● **RECORD EXTRACTS**
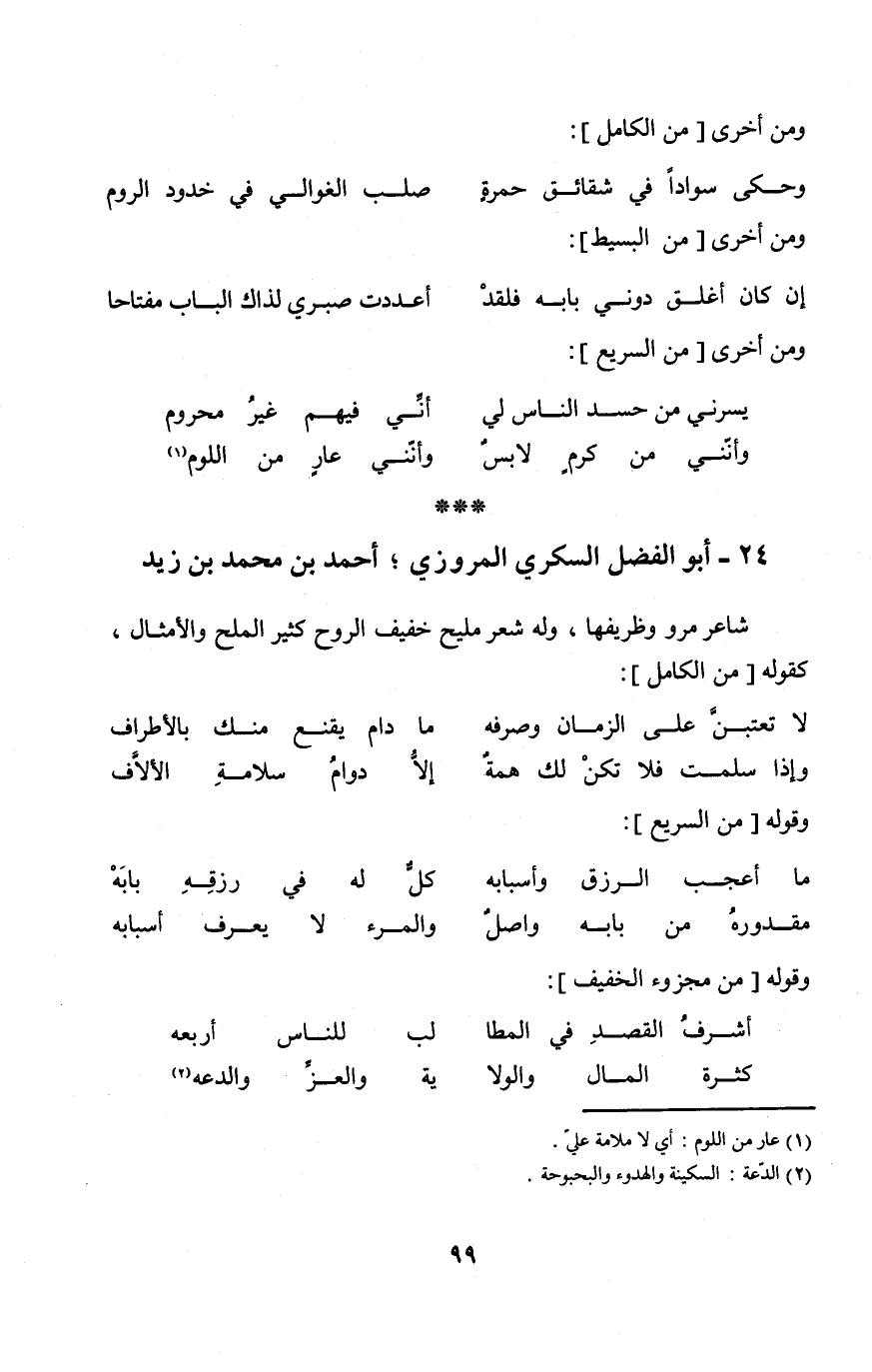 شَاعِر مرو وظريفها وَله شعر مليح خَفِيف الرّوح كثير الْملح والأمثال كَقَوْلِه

---

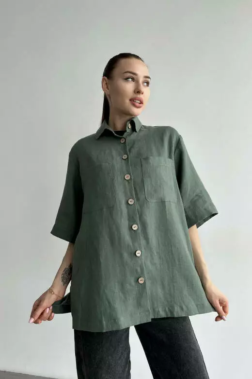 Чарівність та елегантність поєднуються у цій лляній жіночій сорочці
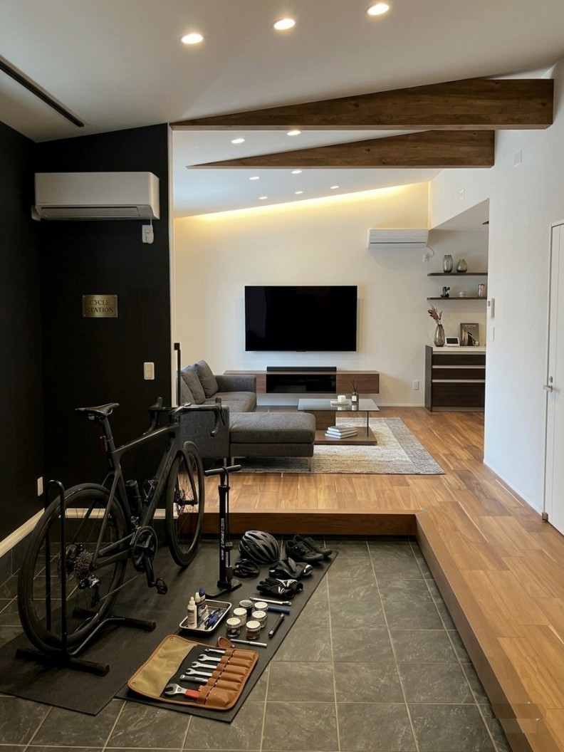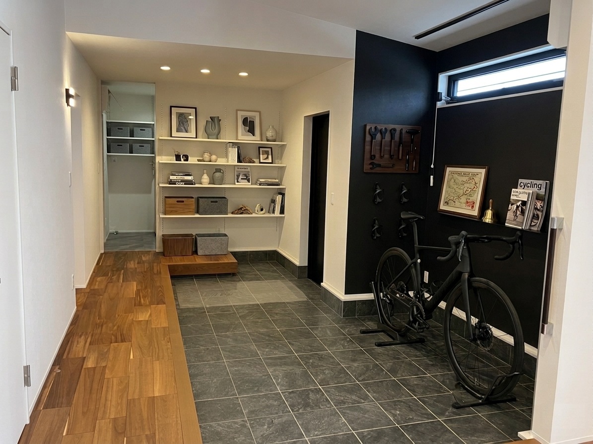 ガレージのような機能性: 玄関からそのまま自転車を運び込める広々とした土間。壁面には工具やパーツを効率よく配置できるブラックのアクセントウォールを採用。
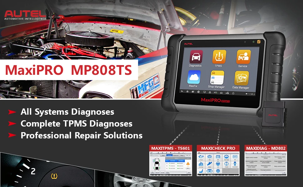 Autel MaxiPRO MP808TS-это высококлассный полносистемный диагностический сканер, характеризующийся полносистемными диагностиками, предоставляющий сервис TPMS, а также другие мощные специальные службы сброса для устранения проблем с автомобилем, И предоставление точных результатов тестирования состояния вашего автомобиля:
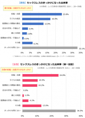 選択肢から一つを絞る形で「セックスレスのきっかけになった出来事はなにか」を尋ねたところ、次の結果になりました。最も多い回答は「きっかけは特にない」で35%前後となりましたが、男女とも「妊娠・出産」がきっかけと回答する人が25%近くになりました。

● **PROMPT**
Look above for the line with "Чарівність та елегантність", then print it and each line after it down to and including the line with "選択肢から一つを絞る形で「セ". Leave out the pictures and keep the wording exact.

● **SOLUTION TO THE EXERCISE**
 Чарівність та елегантність поєднуються у цій лляній жіночій сорочці
 ガレージのような機能性: 玄関からそのまま自転車を運び込める広々とした土間。壁面には工具やパーツを効率よく配置できるブラックのアクセントウォールを採用。
 Autel MaxiPRO MP808TS-это высококлассный полносистемный диагностический сканер, характеризующийся полносистемными диагностиками, предоставляющий сервис TPMS, а также другие мощные специальные службы сброса для устранения проблем с автомобилем, И предоставление точных результатов тестирования состояния вашего автомобиля:
 選択肢から一つを絞る形で「セックスレスのきっかけになった出来事はなにか」を尋ねたところ、次の結果になりました。最も多い回答は「きっかけは特にない」で35%前後となりましたが、男女とも「妊娠・出産」がきっかけと回答する人が25%近くになりました。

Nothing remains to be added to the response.